**WHAT THE TASK REQUIRES:** As you restate the entries, keep every word intact and leave out whatever images they hold.

(Dataset excerpts)
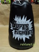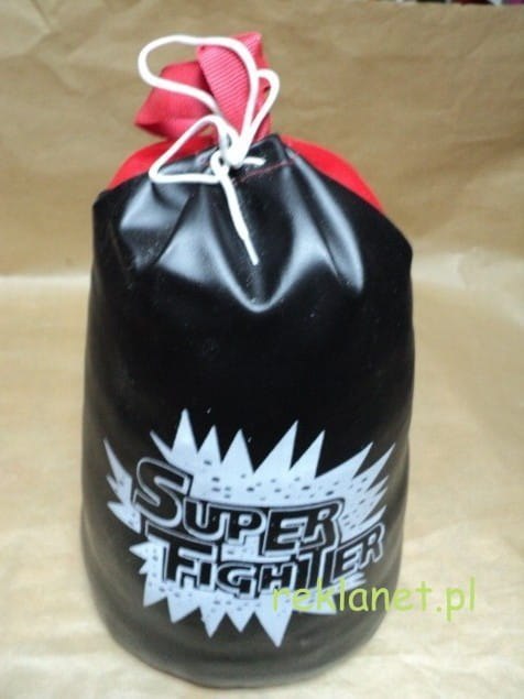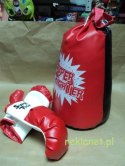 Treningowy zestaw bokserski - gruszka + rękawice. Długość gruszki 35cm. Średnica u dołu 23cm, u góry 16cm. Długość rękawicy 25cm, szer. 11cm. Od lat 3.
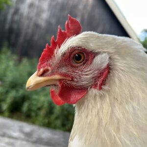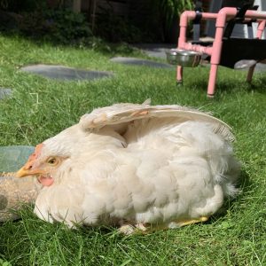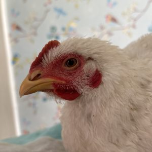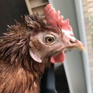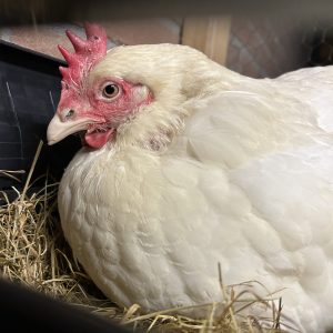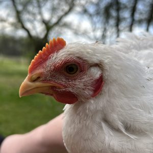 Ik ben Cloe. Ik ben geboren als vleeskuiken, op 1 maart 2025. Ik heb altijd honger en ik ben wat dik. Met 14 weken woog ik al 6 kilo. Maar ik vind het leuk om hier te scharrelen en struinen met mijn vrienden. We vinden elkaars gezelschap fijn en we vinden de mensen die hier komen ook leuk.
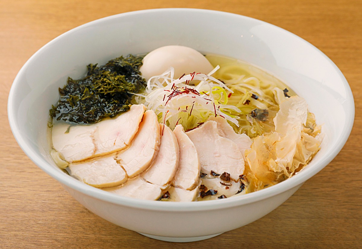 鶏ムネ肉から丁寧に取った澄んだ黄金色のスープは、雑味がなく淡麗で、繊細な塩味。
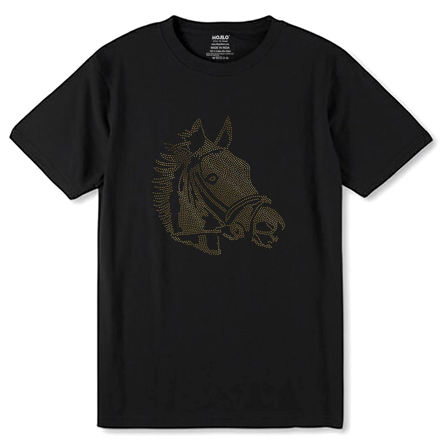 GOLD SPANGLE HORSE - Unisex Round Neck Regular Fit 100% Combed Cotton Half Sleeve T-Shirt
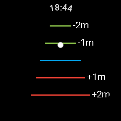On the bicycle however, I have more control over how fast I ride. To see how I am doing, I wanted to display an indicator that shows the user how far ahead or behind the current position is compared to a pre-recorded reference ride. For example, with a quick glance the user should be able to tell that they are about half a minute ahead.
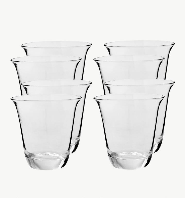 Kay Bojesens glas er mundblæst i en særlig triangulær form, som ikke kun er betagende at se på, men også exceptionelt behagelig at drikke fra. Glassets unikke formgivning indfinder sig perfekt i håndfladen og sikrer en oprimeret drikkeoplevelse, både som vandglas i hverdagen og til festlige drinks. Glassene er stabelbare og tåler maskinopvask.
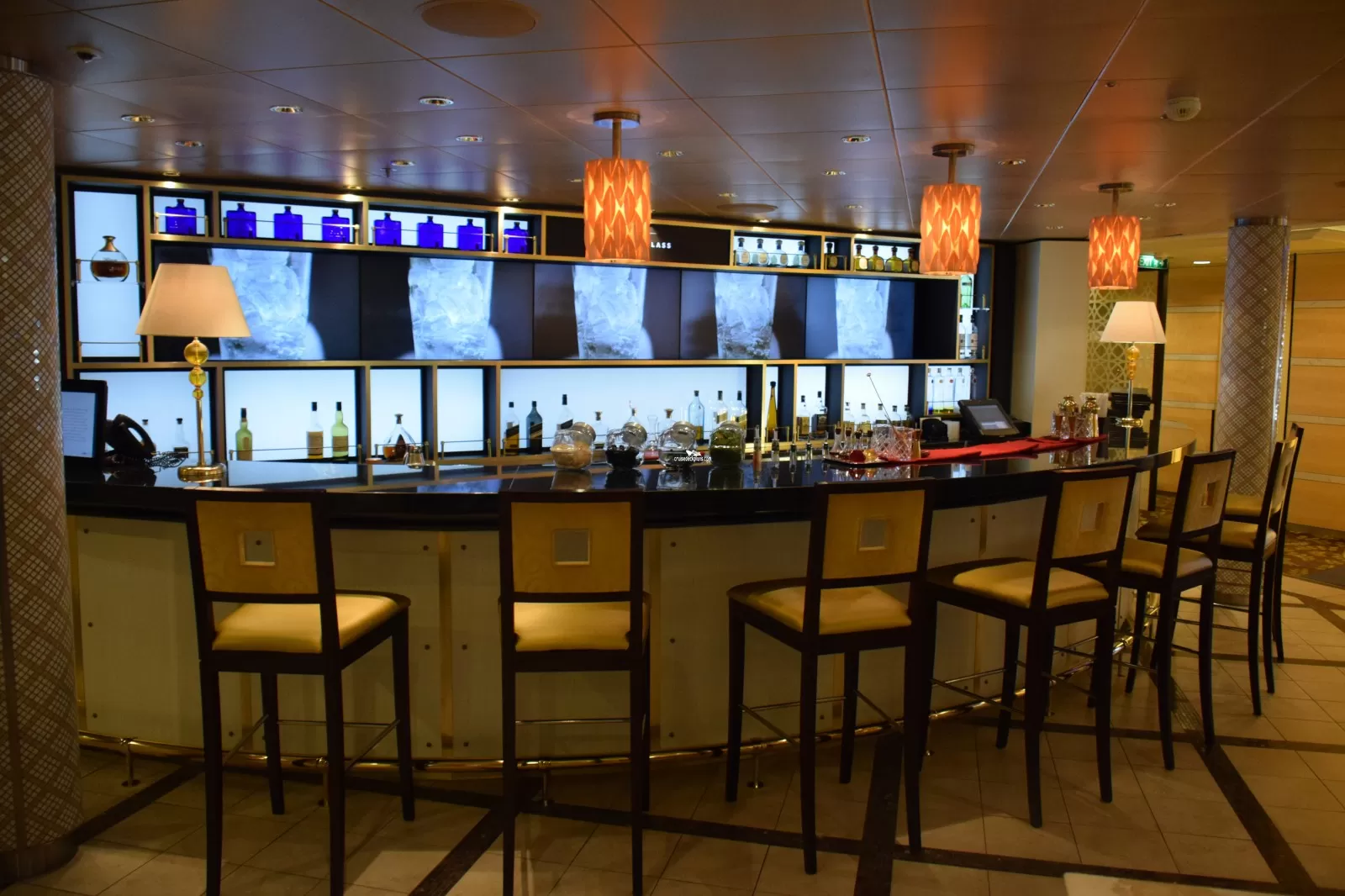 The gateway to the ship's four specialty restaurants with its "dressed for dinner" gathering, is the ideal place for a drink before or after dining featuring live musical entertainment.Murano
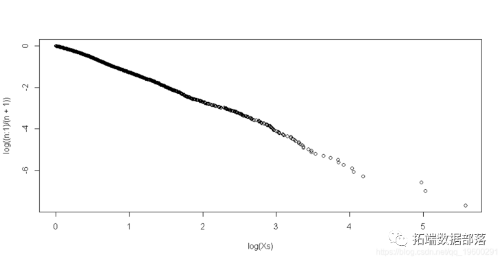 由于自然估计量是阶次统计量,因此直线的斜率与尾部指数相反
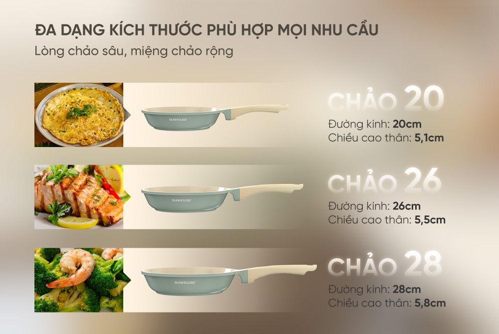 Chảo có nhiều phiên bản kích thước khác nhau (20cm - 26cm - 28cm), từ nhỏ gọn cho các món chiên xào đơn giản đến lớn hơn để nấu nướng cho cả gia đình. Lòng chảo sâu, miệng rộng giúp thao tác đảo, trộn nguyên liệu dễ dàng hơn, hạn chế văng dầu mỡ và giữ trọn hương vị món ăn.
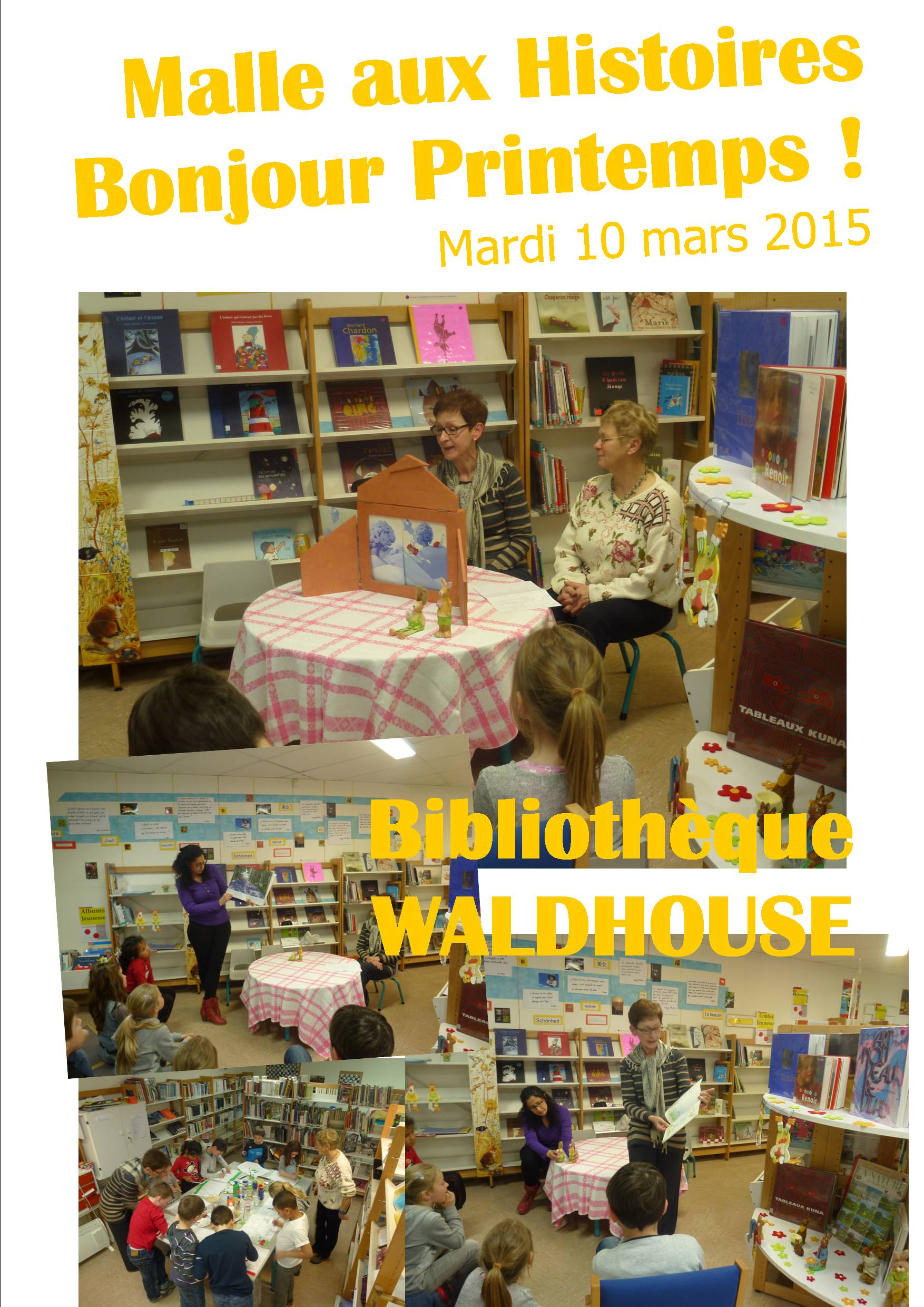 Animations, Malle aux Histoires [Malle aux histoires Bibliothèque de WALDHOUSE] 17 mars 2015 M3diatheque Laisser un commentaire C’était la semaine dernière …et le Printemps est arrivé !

**RESPONSE TO THE TASK:**
 Treningowy zestaw bokserski - gruszka + rękawice. Długość gruszki 35cm. Średnica u dołu 23cm, u góry 16cm. Długość rękawicy 25cm, szer. 11cm. Od lat 3.
 Ik ben Cloe. Ik ben geboren als vleeskuiken, op 1 maart 2025. Ik heb altijd honger en ik ben wat dik. Met 14 weken woog ik al 6 kilo. Maar ik vind het leuk om hier te scharrelen en struinen met mijn vrienden. We vinden elkaars gezelschap fijn en we vinden de mensen die hier komen ook leuk.
 鶏ムネ肉から丁寧に取った澄んだ黄金色のスープは、雑味がなく淡麗で、繊細な塩味。
 GOLD SPANGLE HORSE - Unisex Round Neck Regular Fit 100% Combed Cotton Half Sleeve T-Shirt
On the bicycle however, I have more control over how fast I ride. To see how I am doing, I wanted to display an indicator that shows the user how far ahead or behind the current position is compared to a pre-recorded reference ride. For example, with a quick glance the user should be able to tell that they are about half a minute ahead.
 Kay Bojesens glas er mundblæst i en særlig triangulær form, som ikke kun er betagende at se på, men også exceptionelt behagelig at drikke fra. Glassets unikke formgivning indfinder sig perfekt i håndfladen og sikrer en oprimeret drikkeoplevelse, både som vandglas i hverdagen og til festlige drinks. Glassene er stabelbare og tåler maskinopvask.
 The gateway to the ship's four specialty restaurants with its "dressed for dinner" gathering, is the ideal place for a drink before or after dining featuring live musical entertainment.Murano
 由于自然估计量是阶次统计量,因此直线的斜率与尾部指数相反
 Chảo có nhiều phiên bản kích thước khác nhau (20cm - 26cm - 28cm), từ nhỏ gọn cho các món chiên xào đơn giản đến lớn hơn để nấu nướng cho cả gia đình. Lòng chảo sâu, miệng rộng giúp thao tác đảo, trộn nguyên liệu dễ dàng hơn, hạn chế văng dầu mỡ và giữ trọn hương vị món ăn.
 Animations, Malle aux Histoires [Malle aux histoires Bibliothèque de WALDHOUSE] 17 mars 2015 M3diatheque Laisser un commentaire C’était la semaine dernière …et le Printemps est arrivé !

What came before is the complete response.